Only the lines below from the one that contains "Jami-Ul-Alfar Mosque Sri Lanka" through the one that contains "Kowalib, Nubske gore, Sudan, 2016" should appear in your answer, exact and without pictures.

*** DATA EXTRACT ***

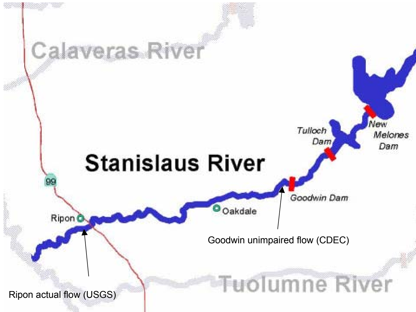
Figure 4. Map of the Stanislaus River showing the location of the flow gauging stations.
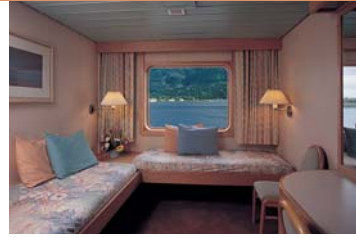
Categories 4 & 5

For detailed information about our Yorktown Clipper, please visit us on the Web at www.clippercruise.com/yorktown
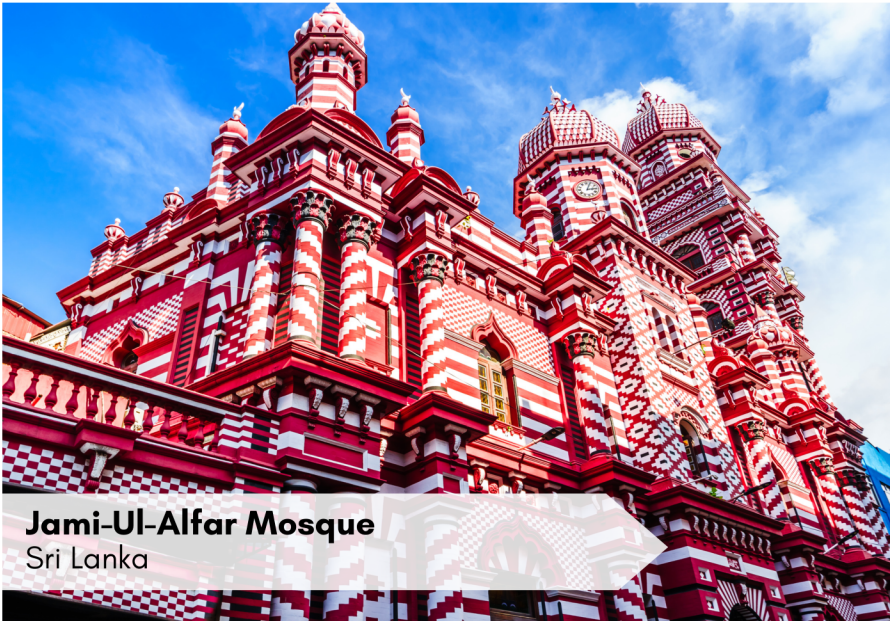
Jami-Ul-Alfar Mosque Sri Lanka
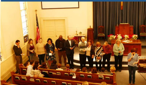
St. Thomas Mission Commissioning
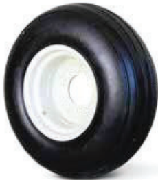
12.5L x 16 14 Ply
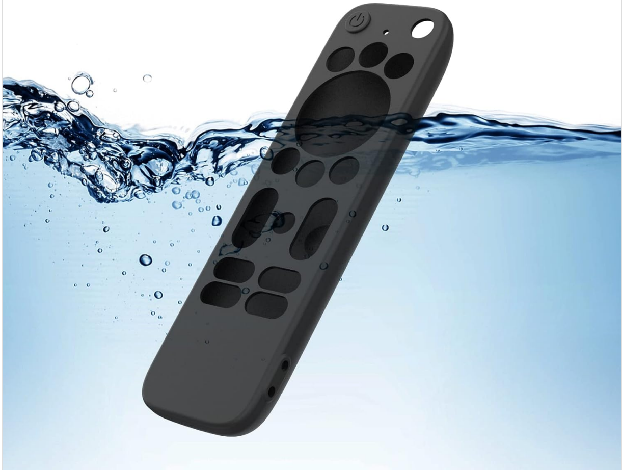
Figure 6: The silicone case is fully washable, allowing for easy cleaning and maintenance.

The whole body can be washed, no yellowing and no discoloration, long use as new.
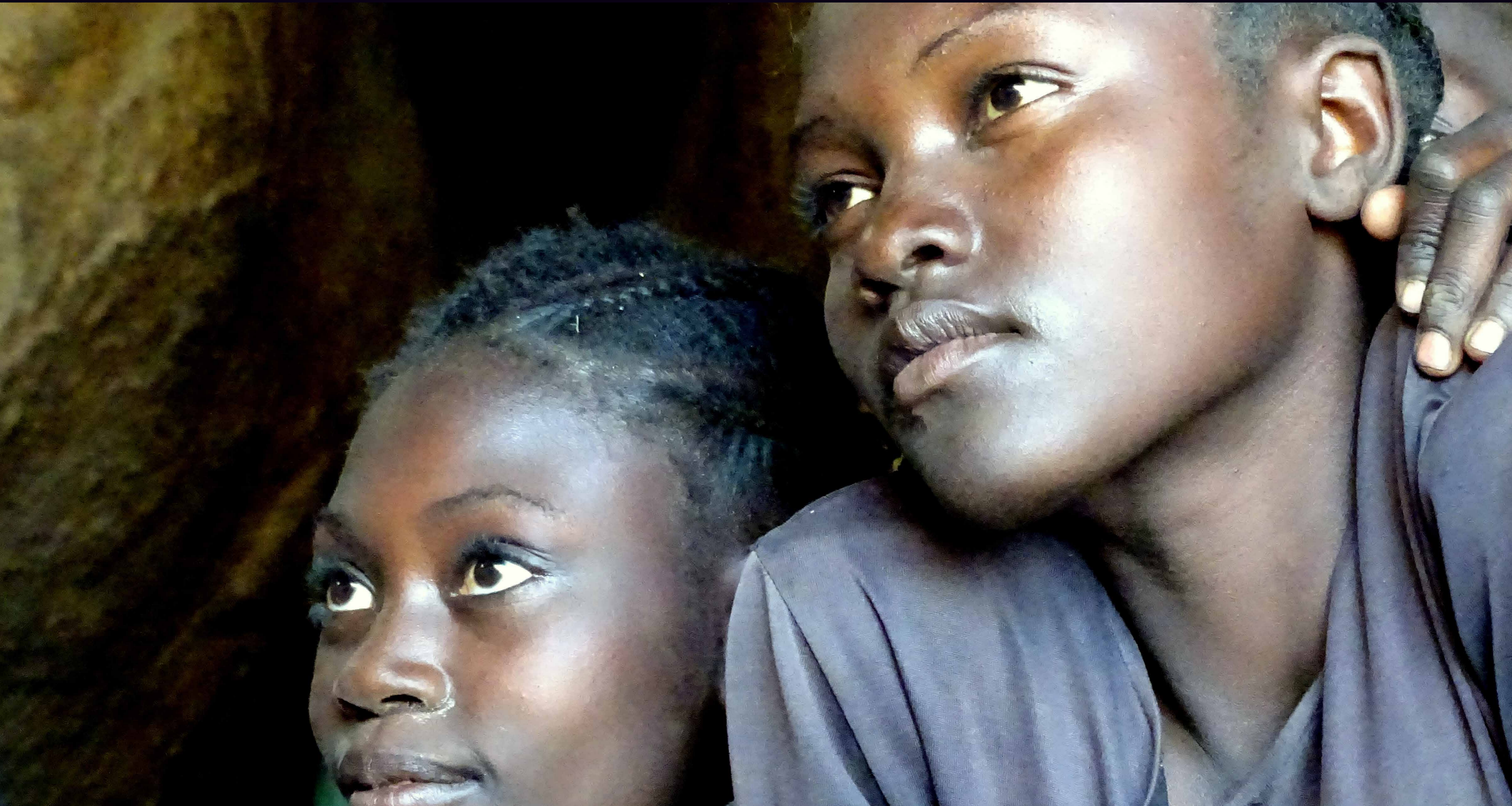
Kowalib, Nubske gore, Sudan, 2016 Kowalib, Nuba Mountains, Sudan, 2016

***
*** DATA EXTRACT ***

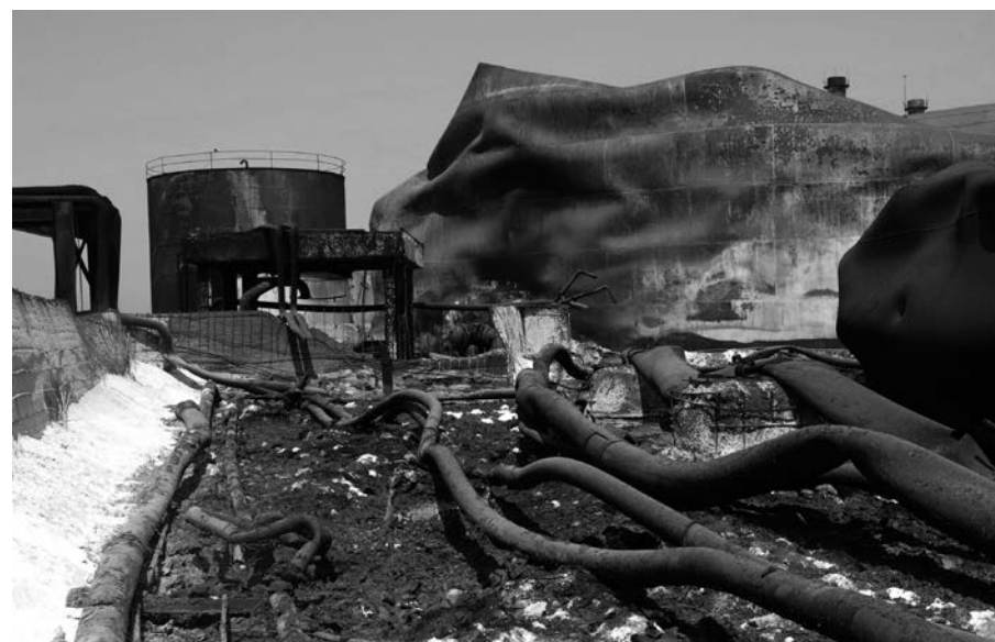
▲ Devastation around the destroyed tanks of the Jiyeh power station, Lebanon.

***

## RESPONSE TO THIS EXERCISE
Jami-Ul-Alfar Mosque Sri Lanka
St. Thomas Mission Commissioning
12.5L x 16 14 Ply
Figure 6: The silicone case is fully washable, allowing for easy cleaning and maintenance.

The whole body can be washed, no yellowing and no discoloration, long use as new.
Kowalib, Nubske gore, Sudan, 2016 Kowalib, Nuba Mountains, Sudan, 2016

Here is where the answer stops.